History of Med-Mal Venue Rules in Pennsylvania
Business and legal reform groups have warned that a health care crisis in the state could return if pre-Medical Care Availability and Reduction of Error (MCARE) Act venue guidelines are implemented by the Supreme Court of Pennsylvania. They say those former venue rules were to blame for high malpractice insurance costs that caused fewer health care options for patients in the late 1990s and early 2000s.
The current medical malpractice venue guidelines in question were brought into law subsequent to 2002’s MCARE Act and after a recommendation from the Interbranch Commission on Venue, which then ensured plaintiffs were only permitted to sue in the county where their alleged injury took place – a standard that currently remains in place. Its advocates affirm that the change led to a significant drop in medical malpractice litigation across the state.
However, a renewed debate over the rules governing venue for medical malpractice lawsuits in Pennsylvania was sparked by a letter written to the state Supreme Court late in 2018, asking the body to re-examine the issue.
It appears to have been the catalyst for a Supreme Court committee featuring five attorneys who work at firms that file medical malpractice lawsuits to propose reinstituting venue rules more favorable to plaintiffs, allowing them to sue wherever a medical defendant conducts business – reminiscent of the way such lawsuits were allowed prior to the MCARE Act’s passage and the Interbranch Commission’s recommendation.
Changing the rules would allow plaintiffs’ attorneys to choose whichever eligible county they’d think would be likeliest to give out a jackpot.

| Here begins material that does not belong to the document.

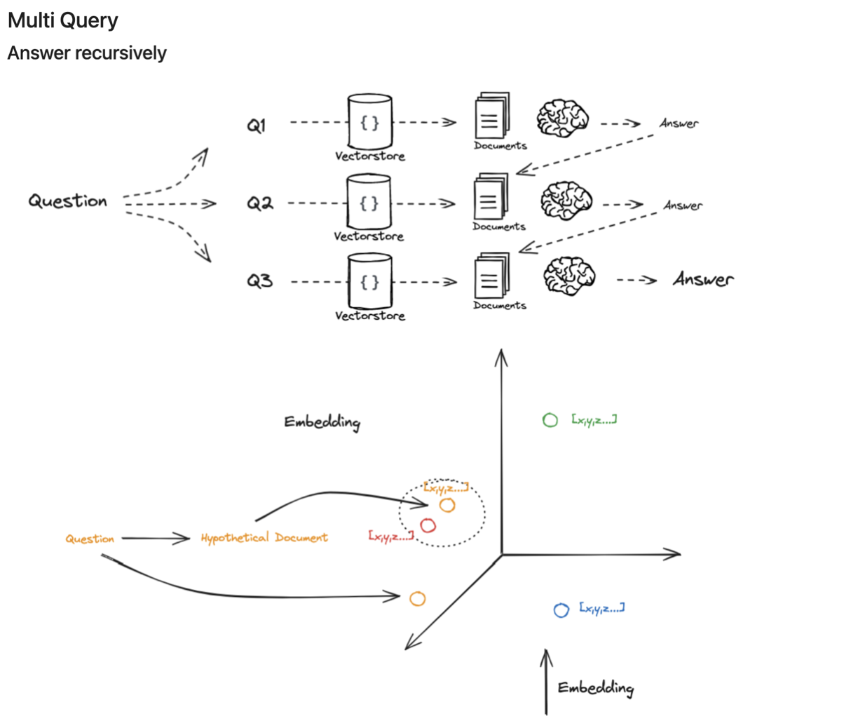 - RAG의 chain에서는 질문-문서의 임베딩, 수치화를 통해 둘 간의 유사성을 찾는다. 하지만 문서는 매우 큰 덩어리이며 질문은 짧고 모호하게 작성되는 경우가 많아 한번에 효율적으로 매칭되기 어렵다.

Philadelphia, for example, is known nationwide for its high-dollar jury verdicts and was recently named the No. 4 “Judicial Hellhole” – a designation given by a tort reform group that considers whether businesses get a fair shake in certain jurisdictions.
But after the passage of Senate Resolution 20 in February 2019, calling for a committee report on the effects of changing the current venue guidelines to be written and completed before the end of by the end of that year, the state Supreme Court decided to suspend any further action until the report was issued.
That report was issued in February 2020, though it did not make any clear-cut recommendation as to whether the current medical malpractice venue rules should or should not be changed based on statewide trends in insurance rates, health care access and the number of lawsuits filed.
Since the issuance of the report, that was followed by a controversial ruling from the Supreme Court of Pennsylvania in December 2021 in Lageman v. Zepp Et.Al, which provided that medical malpractice case juries can consider both direct and circumstantial evidence, under the res ipsa loquitur doctrine.
The doctrine allows for assumption of injuries as a result of negligence, in circumstances where such plaintiffs can prove that the doctrine is but one way to determine liability.
Rep. Rob Kauffman (R–Franklin County) also brought forward House Bill 2660, which sought to clarify and cement in the Pennsylvania Constitution under Article V, Section 10(c) that the General Assembly may establish the venue of a civil lawsuit by statute. The measure remains pending, though even if it were to be passed, the earliest it could be effectuated is the year 2025.